Turning ~
Turning...
As I have stated in other posts, I regularly find myself in the midst of similar conversations; typically culminating in some form of the question: “So, what do I do?” Most of these conversations are with men who are searching, grasping, scrambling for help or advise in finding an answer so they can know more about what it means to be themselves in the world.
I know that I have carried this question as my own for much of my life, particularly in the absence a strong and engaged father to whom I could safely ask the question. I know in my own story and now in the stories of the dozens of men I have shared this conversation with, that we often feel as though we are in uncharted territory, or as a favorite poet calls us, “exiles,” in a land with no map.

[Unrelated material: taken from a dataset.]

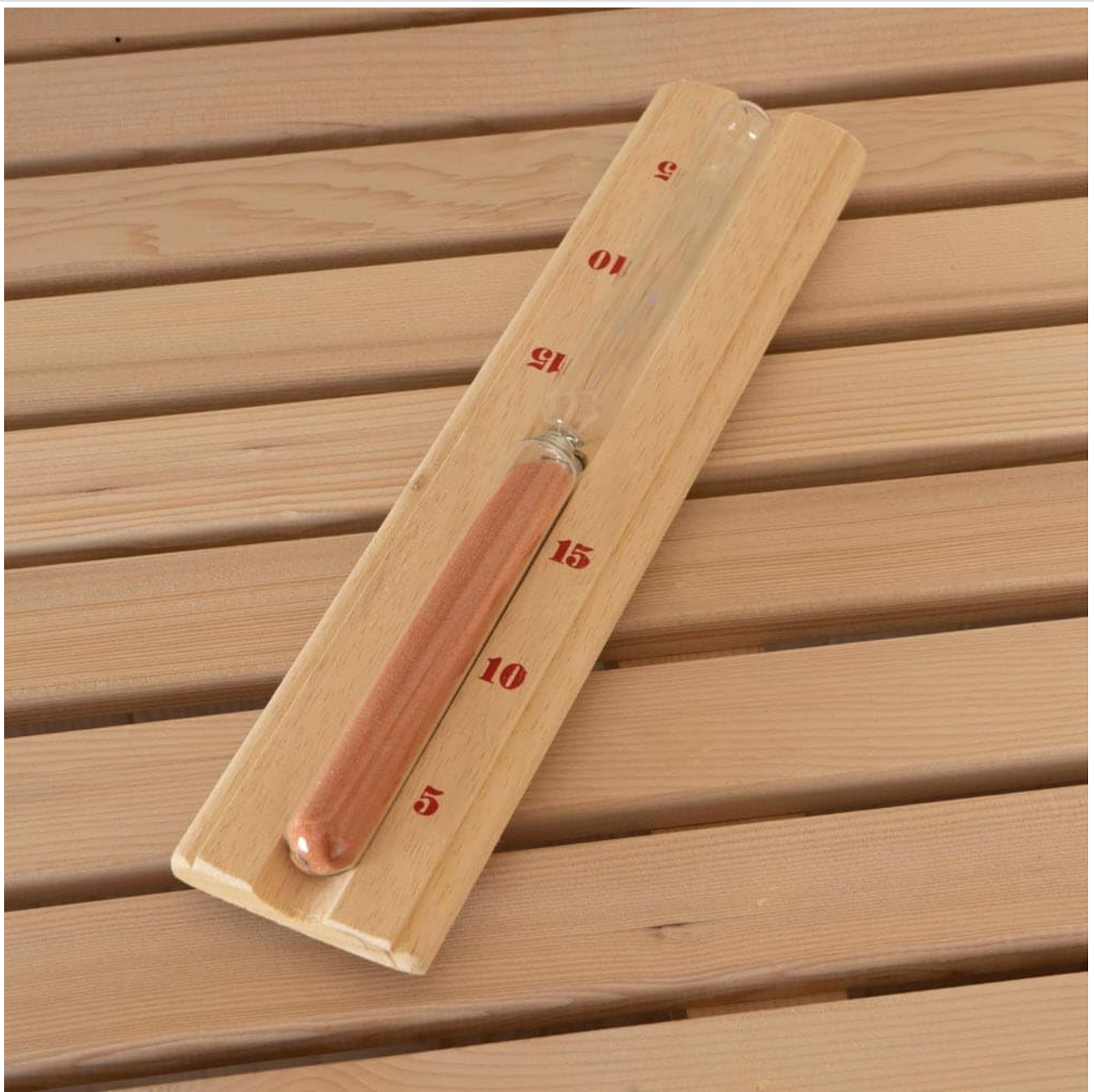
Image: A detailed shot of the wooden sand timer, used to track sauna session duration, with markings for 5, 10, and 15 minutes.

In the absence of these pivotal and necessary conversations with our fathers or father-figures, we often are left to feel alone in the conversation attempting to answer this deep question with no lexicon; turning - often alone - to things or activities that may not be helpful or healthy, and are left with no viable response. I know that I have often found this search offering nothing substantive that speaks to what we really need to know about who we truly are, and what we are made for.
My sense is that this is where shame enters the narrative, telling us that we should know how to do something we don’t know how to do. In the recovery community, we talk about shame as an abbreviation for: “Should Have Already Mastered Everything.” This certainly rings true with the way I have slogged through the mire of this question – alone, scared, and helpless.
There is, in the last few lines of this poem, the knowing glance of the fathers on the sidelines as they look at each other. I can feel, in their out-of-the-corner-of-their-eyes looks, the weight of the cost of carrying this question alone.
I like what it feels like to know and be known by men who I can high five and celebrate a moment, then turn to jog back to position – the position of myself in my own life - alongside those who are doing the same. Which leads me to a new question: “Who am I and what do I bring to the world?” There is a different kind of weightiness that this question carries that I am both learning to, and becoming fond of carrying.
May we not stand in our own chosen silence next to each other on the sidelines, but take the incremental steps further into these deep questions and turn towards one another.
My friend’s kid runs the sideline, gets a pass,
turns, and scores with a kick to the near post.
It’s how the play should go, but at this age
rarely does. My son sprints to him, arms up.
They high five and celebrate a moment,
then turn to jog back to their positions.
Last year, they would have hopped around madly,
twirled, fallen backwards, and rolled in the grass.
This season, they are serious. No more
skipping. No more acting sweetly goofy.
Now, they turn towards one another rather
than towards us. No more checking that we’ve seen.
But we have. We know the score, and what’s lost
as they try to turn themselves into men.
"Turning" by Joseph Mills from This Miraculous Turning. © Press, 53, 2014.